*WHAT TO PRODUCE:*
Exactly the lines below, starting with the one containing "Dans cette mission" and going on through the one containing "管理科学论坛:信息-物理-社会视角下电热气多能源系统运行关键技术探讨", must be reproduced, both ends included, and no pictures with them.

*GIVEN INFORMATION:*
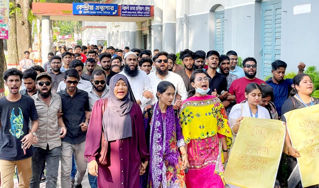 চাঁদাবাজদের বিরুদ্ধে ফরিদপুরে বিক্ষোভ মিছিল ও পথসভা করেছে ছাত্র জনতা
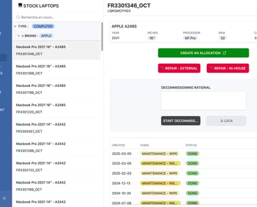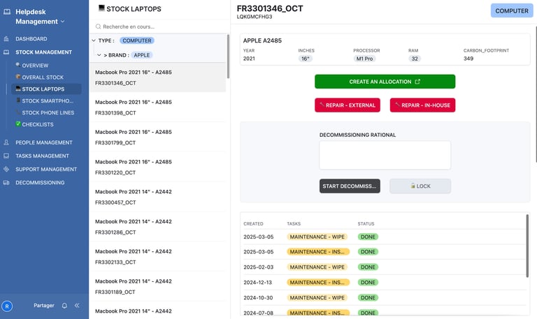 Dans cette mission mon travail consiste à gérer les entrées et sorties du matériel dans le stock que ce soit des ordinateurs, chargeurs ou autre. Je m'occupe aussi de la réception et de l'enregistrement des appareils (PC et MAC).
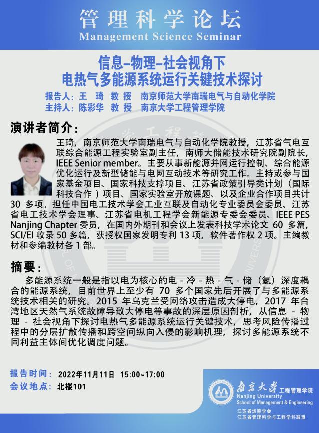 管理科学论坛:信息-物理-社会视角下电热气多能源系统运行关键技术探讨
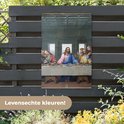 Les Posters de jardin, également appelées toiles de jardin, sont des affiches spécialement conçues pour être accrochées à l'extérieur. Cette nappe de jardin peut donc prendre une raclée. La voile Bisonyl a été utilisée pour cette affiche extérieure. Cette voile est une bâche enduite avec une belle finition. L'affiche de jardin est résistante aux UV, elle ne se décolore donc pas au soleil. Plusieurs anneaux ont été placés dans la toile pour que vous puissiez facilement l'accrocher! Jusqu'à une taille de 120x80 cm, les anneaux sont dans les coins, avec des tailles plus grandes, les anneaux viennent tous les 60 cm. Le tissu résiste aux différentes influences climatiques et est garanti 3 ans.

*YOUR SOLUTION:*
 Dans cette mission mon travail consiste à gérer les entrées et sorties du matériel dans le stock que ce soit des ordinateurs, chargeurs ou autre. Je m'occupe aussi de la réception et de l'enregistrement des appareils (PC et MAC).
 管理科学论坛:信息-物理-社会视角下电热气多能源系统运行关键技术探讨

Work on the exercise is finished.